Show that Gauss’s theorem is consistent with Coulomb’s law. Using it, derive an expression for the electric field due to a uniformly charged thin spherical shell of radius r at a point at a distance y from the centre of the shell such that:
(I) y>r, and
(II) y<r.

Answer 1

Gauss’s Theorem

Gauss’s Law establishes that the total electric flux through any closed surface is equivalent to the enclosed net charge divided by the permittivity of free space:

\[ \Phi_E = \oint \vec{E} \cdot d\vec{A} = \frac{q_{\text{in}}}{\varepsilon_0} \]

Consistency with Coulomb’s Law

Consider a point charge \( q \) situated at the center of a spherical Gaussian surface with radius \( r \).

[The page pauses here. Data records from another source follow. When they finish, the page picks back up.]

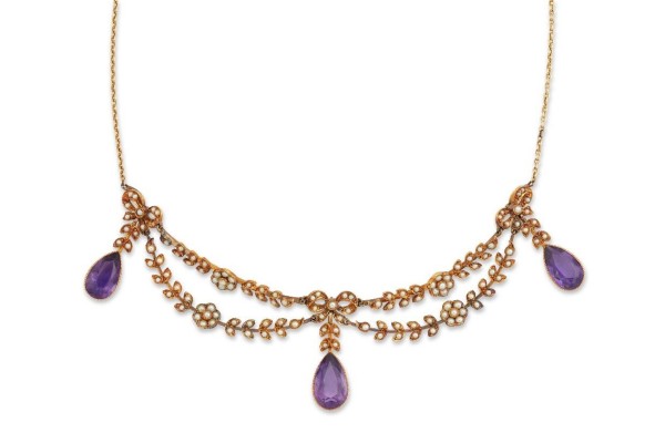 Eine Vintage-Goldkette (Feingold 585) aus dem frühen 20. Jahrhundert mit Amethysten und Perlen.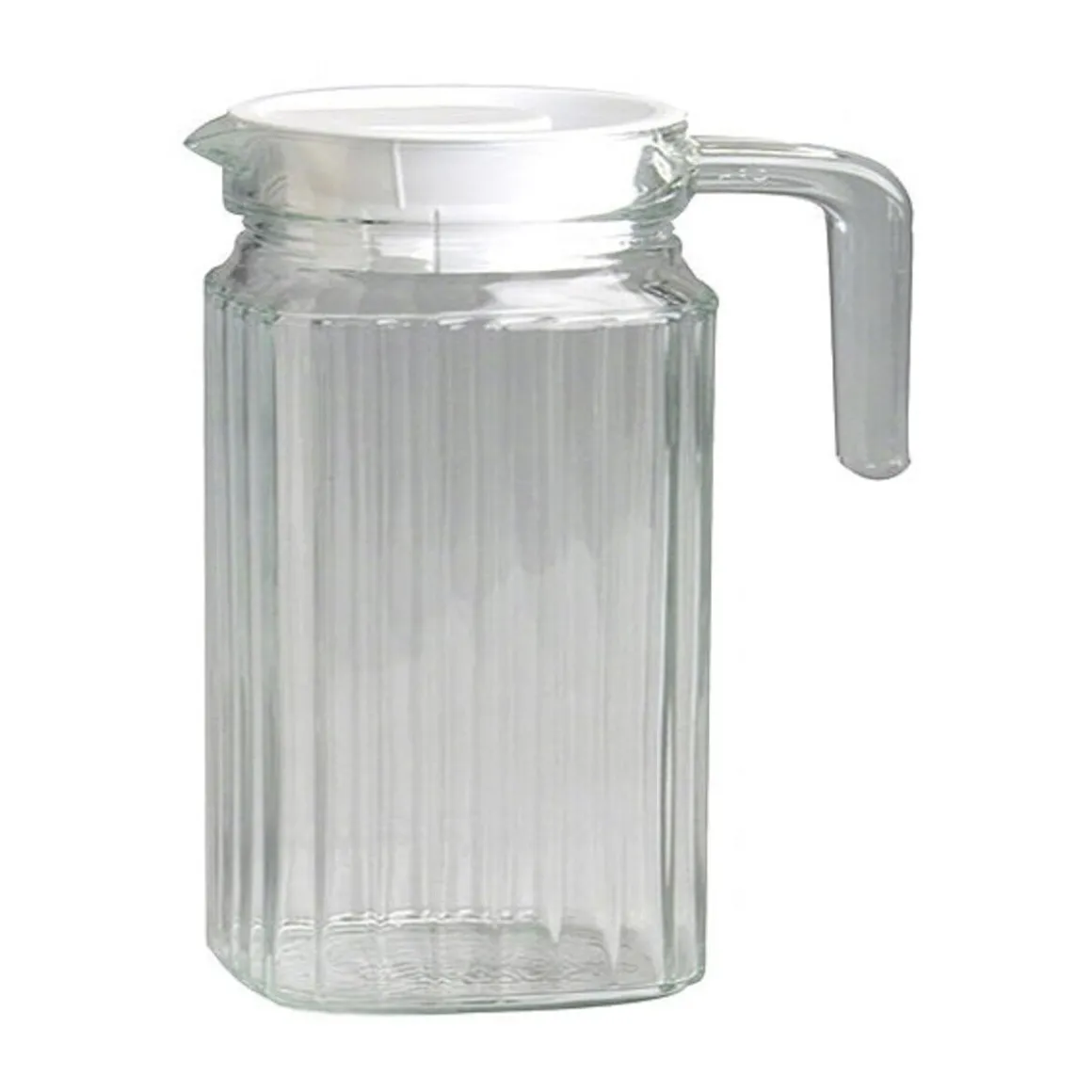 Sogar die Jüngsten können mit dem Krug Quadro ihre Getränke ohne Hilfe einschenken. Der breite Griff liegt sicher in der Hand und selbst im gefüllten Zustand ist er nicht zu schwer. Er ist ganz aus Glas und hat ein längs gestreiftes Rillenmuster, womit er zu jedem vorhandenen Geschirr passt. Seine quadratische Form wird durch eine Rundung am Hals unterbrochen. Ein Deckel aus weißem Kunststoff verhindert, dass Insekten ins Getränk gelangen. Der Krug Quadro lässt sich in der Spülmaschine reinigen.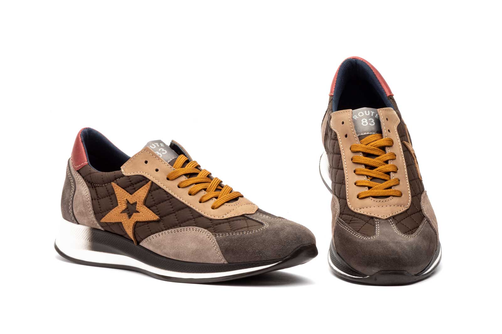 Zapatillas Route 83 para hombre con un diseño vanguardista y urbano. Presentan un corte de piel serraje en tonos grises, complementado con textil acolchado marrón que brinda un aspecto distintivo. Destaca su estrella en cuero marrón y sus cordones amarillos que aportan un toque de color vibrante. La inscripción "ROUTE 83" en la lengüeta refuerza su identidad de marca. Perfectas para quienes buscan estilo y comodidad en su día a día. Suela blanca con detalles en negro para mayor durabilidad y tracción.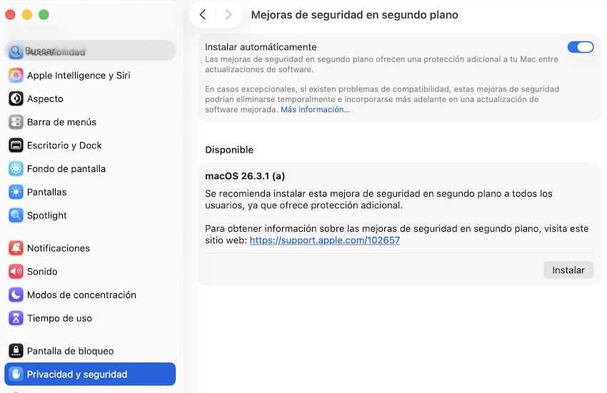 Estos paquetes menores de actualización fueron lanzados con macOS Tahoe 26.1. Los usuarios podemos instalar las mejoras de seguridad en segundo plano ya sea manualmente o automáticamente si la opción correspondiente está habilitada. Si los usuarios deciden no instalar las mejoras de seguridad en segundo plano, las mismas correcciones se incluirán posteriormente en las actualizaciones de software estándar.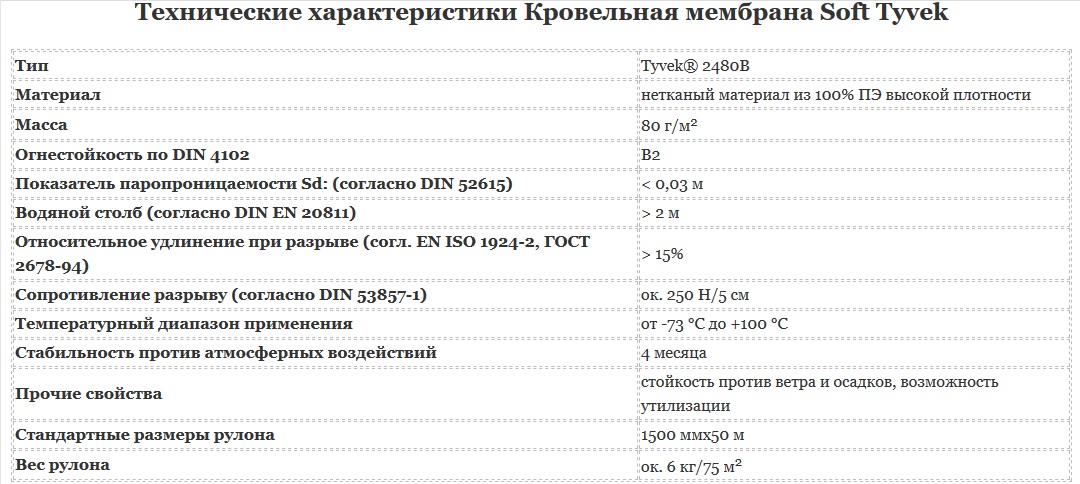 За інформацією, покрівельна мембрана Soft Tyvek – одношарова дифузійна мембрана для даху, що дихає. До речі, суперифузійна мембрана поєднує в собі характеристики декількох плівок. До того ж вона є комбінованою плівкою. Більш того, матеріал захищає конструкцію та теплоізоляцію від попадання вологи – як гідроізоляція. А також зберігають теплоенергію, запобігаючи видуванню – як вітрозахисний матеріал. До речі, матеріал дозволяє парам вологи вільно виходити назовні. Але при цьому, не дозволяючи зовнішній волозі проникнути в теплоізоляцію, забезпечуючи її ефективність. До речі, що зовсім не пропускає вітер і воду. Однак, має високі характеристики проникності пари. І взагалі, вироби Tyvek® мають унікальний функціональний шар. Завдяки якому продукт стає міцним і довговічним. Понад те, на мембрану поширюється 50-річна гарантія. А головне, плівка укладається безпосередньо на матеріал, що утеплює, без вентиляційного зазору. Склад матеріалу: HD-PE (поліетилен високої густини).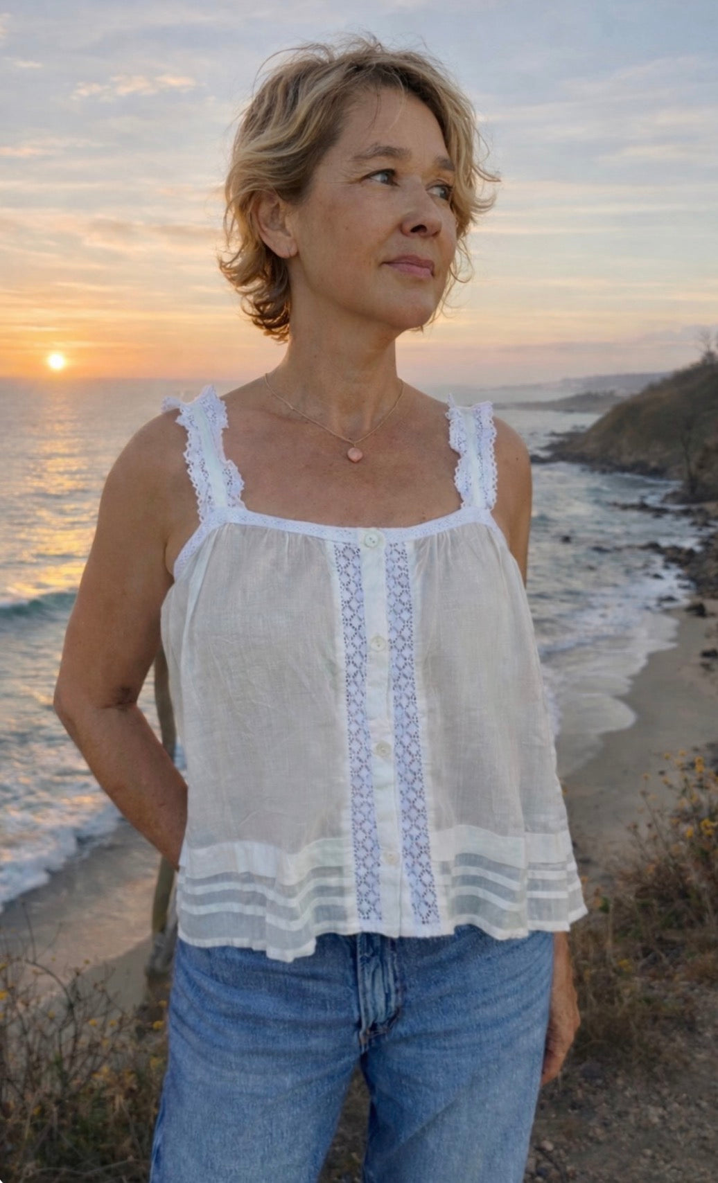Ashley Sleeveless Top With Lace Natural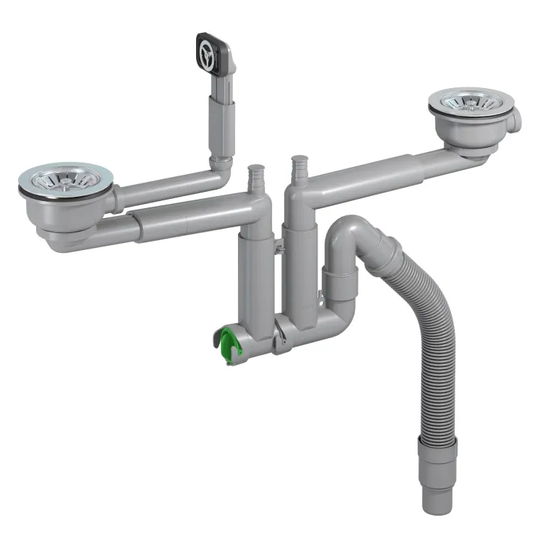 Intra Smartloc E -vesilukko 2-altainen koripohjaventtiileillä ja ylivuotosarjalla (pyöreä). Sopii pesupöydille kahdella altaalla.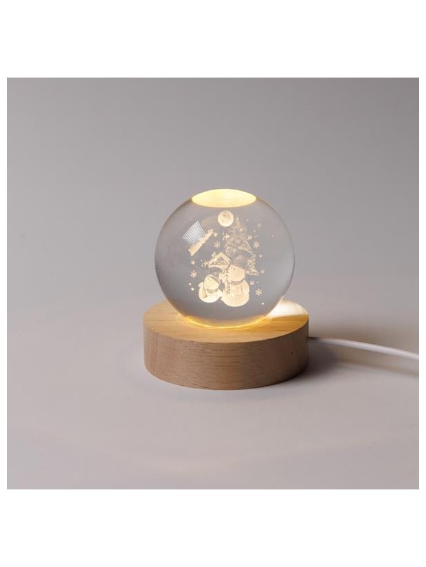 Φωτιζομενη Μπαλα 6cm, Χριστουγεννιατικη Σχεδιο, Χιονανθρωποι με Σπιτακι και Δεντρο, Usb, 6 Θερμα Λευκα smd Led, Bαση 7cm, Προεκταση Παροχης 70cm, Ip20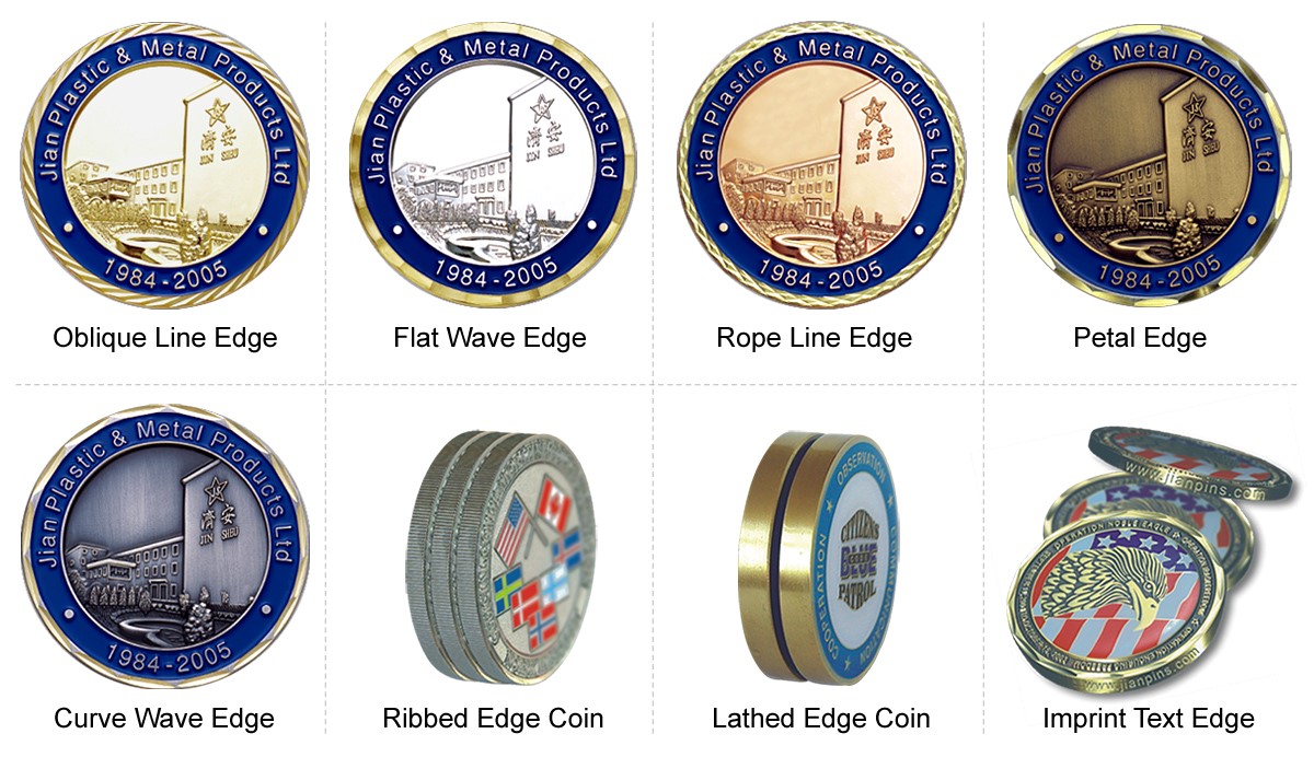 Custom coins with various diamond cut edges for choice.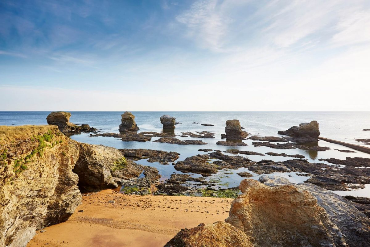 Unsere Küstenlinie weist zwei verschiedene Bereiche mit Felsvorsprüngen auf, die für Abwechslung sorgen: vom Norden von Saint Gilles Croix de Vie bis nach Sion sur l’Océan in Saint Hilaire de Riez und von La Sauzaie bis nach La Normandelière in Brétignolles sur Mer.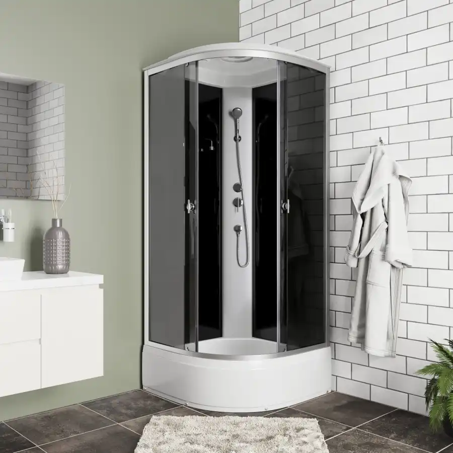 Душевая кабина Niagara Eco 90х90х215 E90/26/TN закрытая c крышей, средний поддон 26 см, профиль серебро, стекло тонированное, без гидромассажа.

Due to the inherent symmetry, the electric field \( E \) possesses a constant magnitude and is directed radially outward across the surface:

\[ \oint \vec{E} \cdot d\vec{A} = E \oint dA = E \cdot 4\pi r^2 \] \[ \Rightarrow E \cdot 4\pi r^2 = \frac{q}{\varepsilon_0} \Rightarrow E = \frac{1}{4\pi\varepsilon_0} \cdot \frac{q}{r^2} \]

This equation precisely matches the expression for the electric field generated by a point charge as derived from Coulomb’s law, thus confirming the consistency of Gauss’s law.

Electric Field Due to a Uniformly Charged Spherical Shell

Let the total charge on the shell be \( q \), the radius of the shell be \( r \), and the observation point be at a distance \( y \) from the center.

Case I: \( y > r \) (Outside the shell)

Employ a spherical Gaussian surface with radius \( y \). The enclosed charge is \( q \).

\[ \oint \vec{E} \cdot d\vec{A} = E \cdot 4\pi y^2 = \frac{q}{\varepsilon_0} \Rightarrow E = \frac{1}{4\pi\varepsilon_0} \cdot \frac{q}{y^2} \]

This result indicates that the spherical shell effectively behaves as if its entire charge were concentrated at its center.

Case II: \( y < r \) (Inside the shell)

In this scenario, the Gaussian surface is positioned within the shell. The enclosed charge is 0.

\[ \oint \vec{E} \cdot d\vec{A} = E \cdot 4\pi y^2 = 0 \Rightarrow E = 0 \]

Therefore, no electric field is present inside a uniformly charged spherical shell.

Summary:

The electric field \( E \) produced by a uniformly charged spherical shell is described by the following expression:

\[ E = \begin{cases} \frac{1}{4\pi\varepsilon_0} \cdot \frac{q}{y^2}, & \text{for } y > r \\ 0, & \text{for } y < r \end{cases} \]